Comment by HarHarVeryFunny

Comment by HarHarVeryFunny a day ago

2 replies

> It seems to me that in 2016 people did (have to) play a lot more tricks with the backpropagation than today

Perhaps, but maybe because there was more experimentation with different neural net architectures and nodes/layers back then?

Nowadays the training problems are better understood, clipping is supported by the frameworks, and it's easy to find training examples online with clipping enabled.
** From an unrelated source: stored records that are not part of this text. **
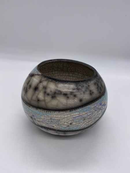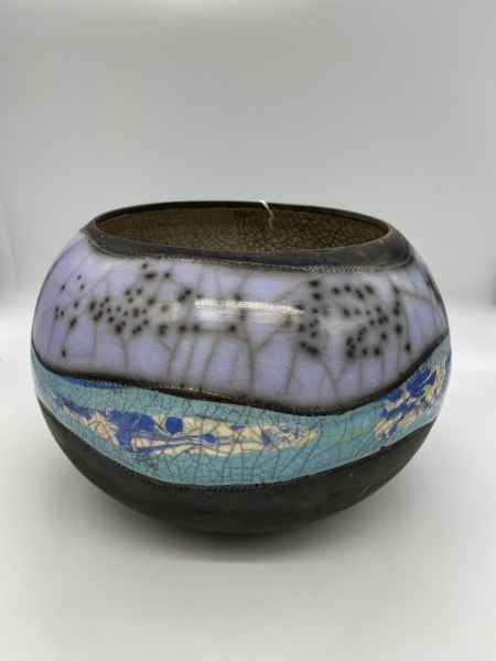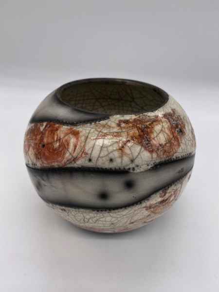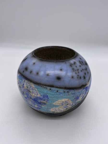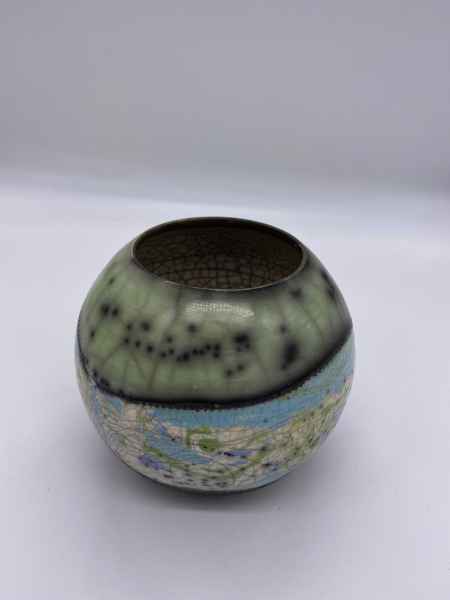 Michelle's raku work consists of a range of both "naked" and glazed raku vessels and is inspired by photographic images of planet earth as seen from the International Space Station as well as from recent images of Jupiter from NASA's Juno cam. Forms are wheel thrown, then decorated with terra sigillata slips. Layers of decoration are used to illustrate surfaces in a two dimensional way, as would be seen from outer space. Some pieces are then burnished, some glazed. Raku fired wares are usually still porous after firing, but some of my small "planets" and bottle shapes have been sealed to make them water tight for flowers. Last year one of Michelle's "earth" pots was bought by a customer working for the European Space Agency in the Netherlands. She also had the opportunity to meet ESA Astronaut Tim Peake and was able to gift him a piece of her work, which was inspired by his amazing photography from the international Space Station.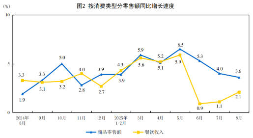 按消费类型分,8月份,商品零售额35172亿元,同比增长3.6%;餐饮收入4496亿元,增长2.1%。1—8月份,商品零售额287426亿元,增长4.8%;餐饮收入36480亿元,增长3.6%。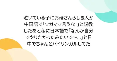 泣いている子にお母さんらしき人が中国語で「ワガママ言うな!」と説教したあと私に日本語で「なんか自分でやりたかったみたいで~...」と日中でちゃんとバイリンガルしてた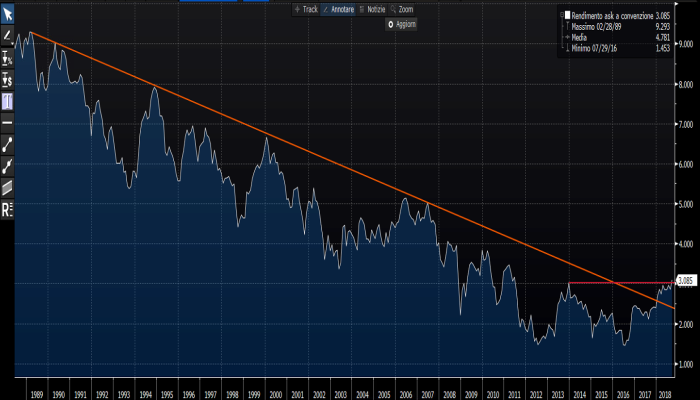 Dal punto di vista meramente grafico è interessante notare come l’andamento dei rendimenti abbia sempre seguito la linea di tendenza evidenziata in arancione nel grafico, per poi romperla durante i primi mesi del 2018.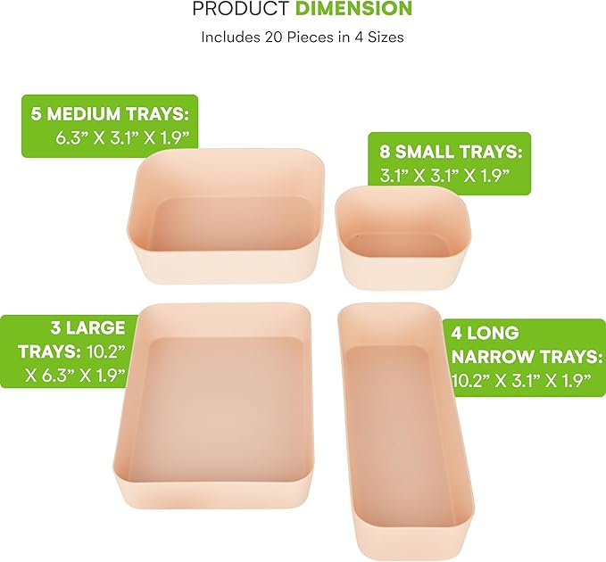 - SET OF 20: This comprehensive organizer set includes 3 large, 4 long narrow, 5 medium, and 8 small bins in assorted colors, offering flexible storage solutions for a variety of items and drawer sizes.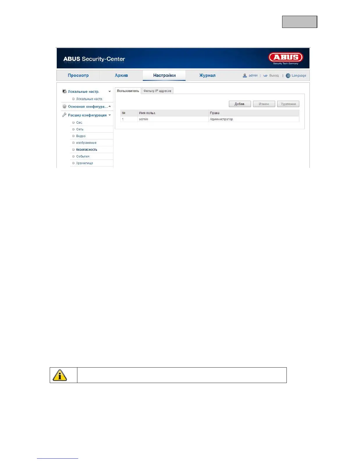 Чтобы добавить или изменить пользователя, нажмите кнопку «Добавить» или «Изменить»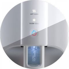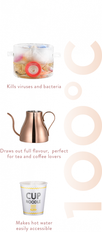 Water is heated to 100°C within the Water Purifier. Temperature of dispensed water may vary minimally as heat dissipates.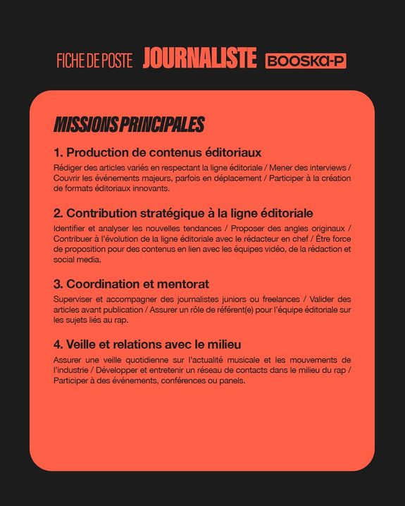 Le média rap Booska-P recherche un.e journaliste pour sa production éditoriale.

The problem itself didn't actually go away. ReLU (or GELU) is still the default activation for most networks, and training an LLM is apparently something of a black art. Hugging Face just released their "Smol Training Playbook: a distillation of hard earned knowledge to share exactly what it takes to train SOTA LLMs", so evidentially even in 2025 training isn't exactly a turn-key affair.

joe_the_user a day ago

I wonder if its just about the important neural nets now being trained by large, secretive corporations that aren't interested in sharing their knowledge.

  • HarHarVeryFunny 15 hours ago

    I'm sure that's part of it, which is why it's nice to see Hugging Face sharing this, but still it obviously reflects the reality that large LLMs are difficult to train for whatever reasons (maybe more than just gradient issues - I haven't read that HF doc yet).

    For simpler nets, like ResNet, it may just be that modern initialization and training recipes avoid most gradient issues, even though they are otherwise potentially still there.